Supplied data below:

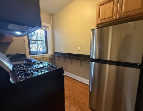 Charming, renovated studio apartment features gleaming hardwood floors, loads of natural light, and a functional layout- perfect for comfortable living. With thoughtful design elements, this studio offers a welcoming and contemporary atmosphere. The renovated kitchen is equipped with stainless appliances, rich cabinetry, granite counters (including a breakfast bar for dining or checking email), and gas stove. The bathroom with tile flooring has been tastefully updated and includes white surround tile, a large window, and a deep basin sink with vanity below. On-site laundry conveniently located in an elevator building. Incredible location across from the MBTA Green Line and in close proximity to Longwood Medical Center, hospitals, and universities. Restaurants, coffee shops, and Stop and Shop are just a short distance away. Heat and HW included. Great for the working professional. No students please. Easy to show! Available December 1, 2025 or January 1, 2026.
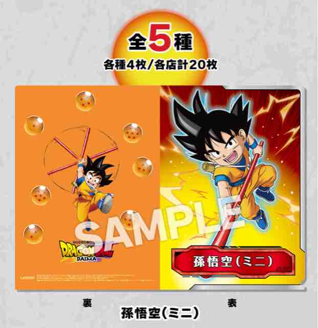 クリアファイル全5種は、ドラゴンボールDAIMA(ダイマ)に登場するお馴染みの5人キャラクターが表と裏に描かれている。ドラゴンボール関連のグッズは人気が予想されるため、欲しい方は早めにもらいにいこう。
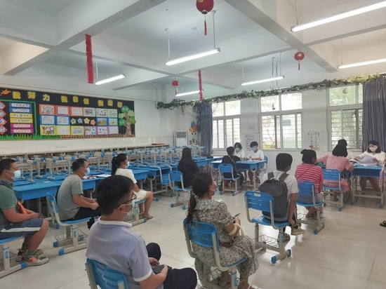 教師引導(dǎo)家長分組進(jìn)入審核組
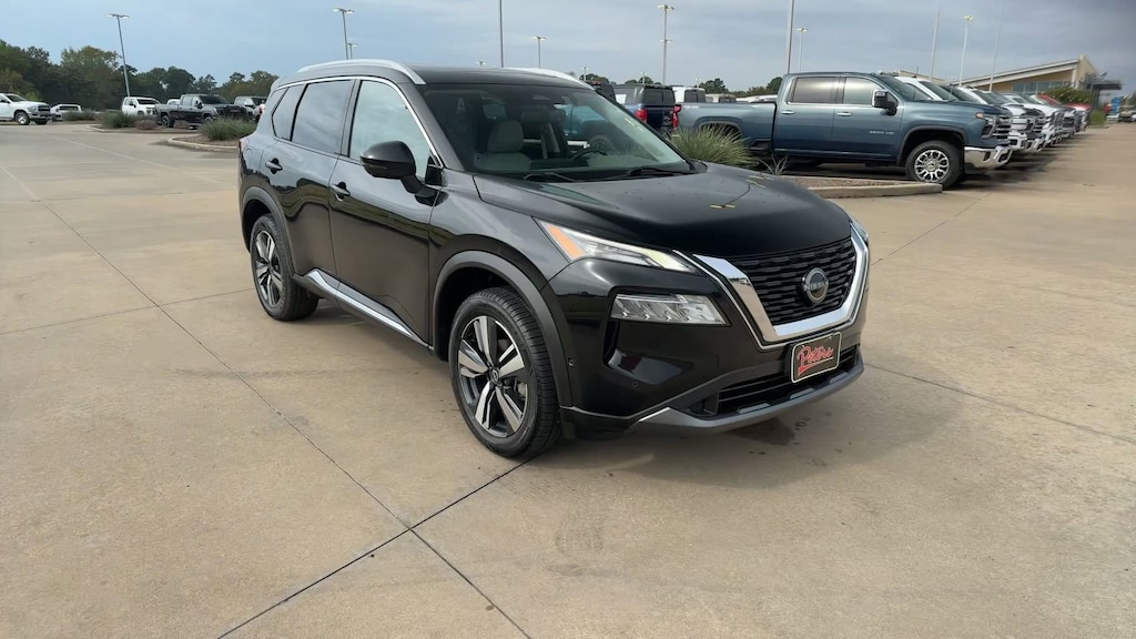 This 2023 Nissan Rogue SL in Super Black comes with the following features: 1.5L I3 Turbocharged DOHC 12V LEV3-ULEV50 201hp CVT with Xtronic FWD SL Premium Package (Bose Premium Audio System, Front, Side & Rear Sonar, Motion Activated Power Liftgate, ProPILOT Assist w/Navi-link, Radio: AM/FM NissanConnect w/Navigation, Rear Door Sunshades, Traffic Sign Recognition, and Tri-Zone HVAC), 19" Aluminum Alloy Wheels, 4-Wheel Disc Brakes, 5.604 Axle Ratio, 6 Speakers, ABS brakes, Air Conditioning, Alloy wheels, AM/FM Radio, AM/FM radio: SiriusXM, Auto High-beam Headlights, Auto-dimming Rear-View mirror, Automatic temperature control, Brake assist, Bumpers: body-color, Delay-off headlights, Driver door bin, Driver vanity mirror, Dual front impact airbags, Dual front side impact airbags, Electronic Stability Control, Emergency communication system: NissanConnect Services, First Aid Kit, Floor Mats w/2-Piece Cargo Area Protector, Four wheel independent suspension, Front anti-roll bar, Front Bucket Seats, Front Center Armrest, Front dual zone A/C, Front reading lights, Fully automatic headlights, Heated door mirrors, Heated Front Bucket Seats, Heated front seats, Heated steering wheel, Illuminated entry, Knee airbag, Leather steering wheel, Leather-Appointed Seat Trim, Low tire pressure warning, Memory seat, NissanConnect featuring Apple CarPlay and Android Auto, Occupant sensing airbag, Outside temperature display, Overhead airbag, Overhead console, Panic alarm, Passenger door bin, Passenger vanity mirror, Power door mirrors, Power driver seat, Power Liftgate, Power moonroof, Power passenger seat, Power steering, Power windows, Radio data system, Rear anti-roll bar, Rear Parking Sensors, Rear reading lights, Rear seat center armrest, Rear side impact airbag, Rear window defroster, Rear window wiper, Remote keyless entry, Security system, Speed control, Speed-Sensitive Wipers, Split folding rear seat, Spoiler, Steering wheel mounted audio controls, Tachometer, Telescoping steering wheel, Tilt steering wheel, Traction control, Trip computer, Turn signal indicator mirrors, and Variably intermittent wipers.

End of Supplied data.

**Exercise goal:** Word for word, write out the lines above running from the one with "クリアファイル全5種は、ドラ" up to and including the one with "教師引導(dǎo)家長分組進(jìn)入審核組". Drop any picture.

**Solution:**
 クリアファイル全5種は、ドラゴンボールDAIMA(ダイマ)に登場するお馴染みの5人キャラクターが表と裏に描かれている。ドラゴンボール関連のグッズは人気が予想されるため、欲しい方は早めにもらいにいこう。
 教師引導(dǎo)家長分組進(jìn)入審核組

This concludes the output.